> _About this exercise_:
Below, find the line containing "紅藍配色的男鹿線列車,設計靈感來自男鹿半島著名的「生剝鬼」,十分可愛。" and the line containing "Color Streetwear Top"; reproduce exactly those two and every line between them, omitting pictures.

> _Supplied material_:

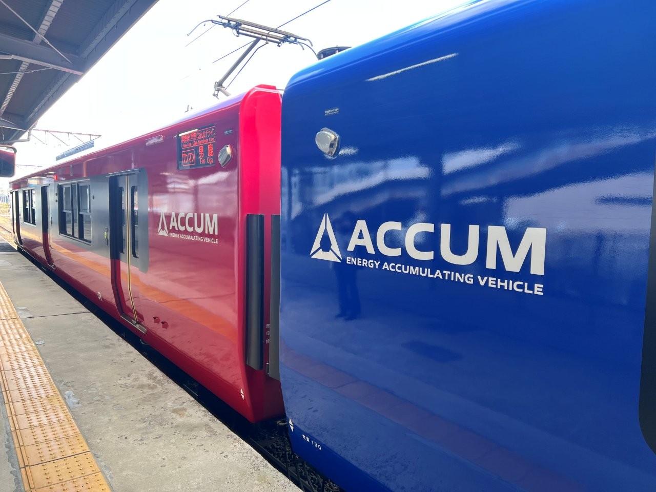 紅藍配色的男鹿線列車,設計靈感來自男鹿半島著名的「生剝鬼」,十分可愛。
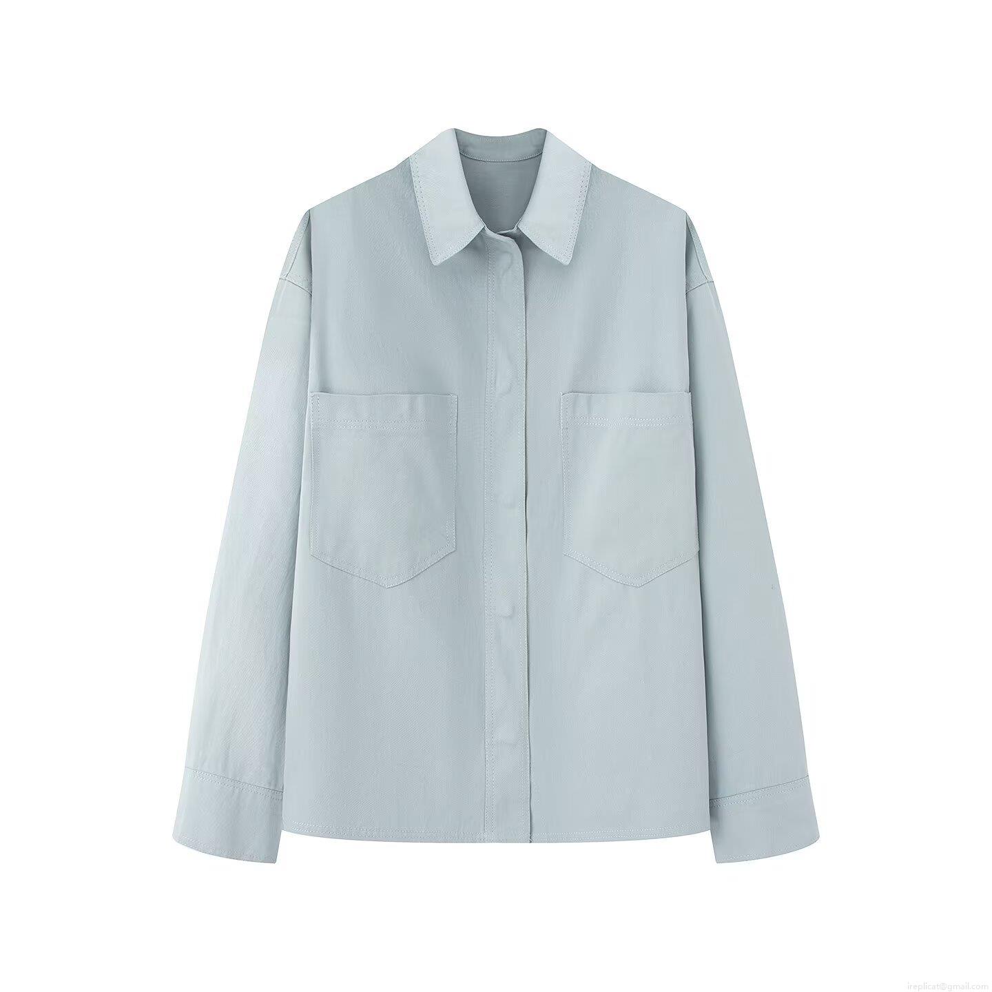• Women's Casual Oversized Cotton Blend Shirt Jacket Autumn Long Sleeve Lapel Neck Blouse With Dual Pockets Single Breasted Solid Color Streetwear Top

==

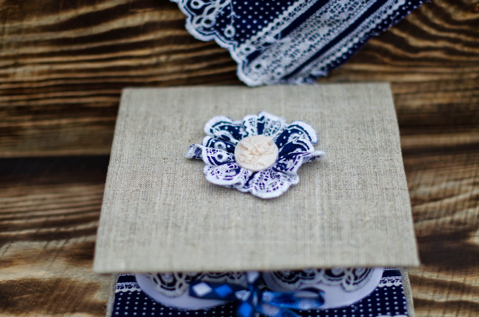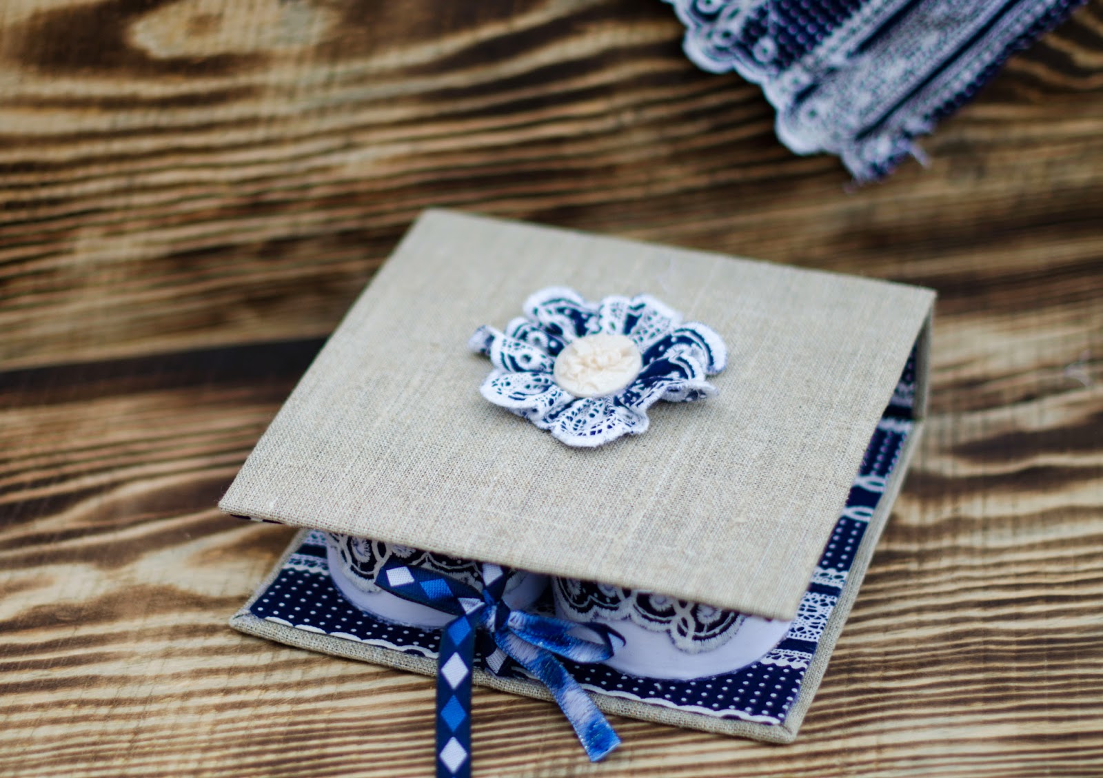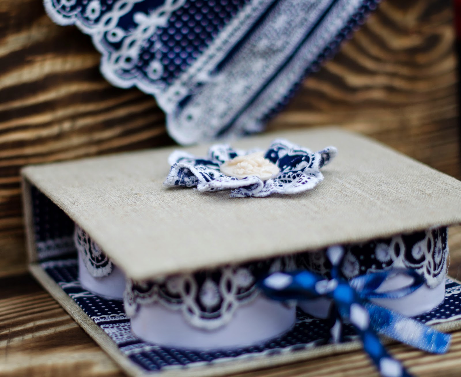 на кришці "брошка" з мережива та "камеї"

--

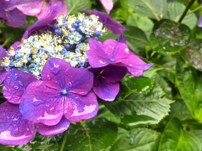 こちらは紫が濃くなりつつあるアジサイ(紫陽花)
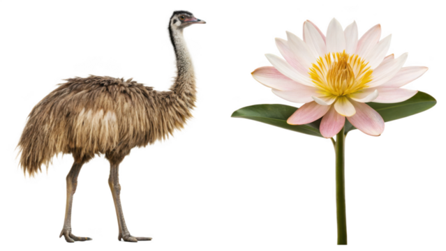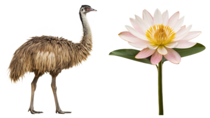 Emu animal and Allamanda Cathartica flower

> _Written solution_:
 紅藍配色的男鹿線列車,設計靈感來自男鹿半島著名的「生剝鬼」,十分可愛。
• Women's Casual Oversized Cotton Blend Shirt Jacket Autumn Long Sleeve Lapel Neck Blouse With Dual Pockets Single Breasted Solid Color Streetwear Top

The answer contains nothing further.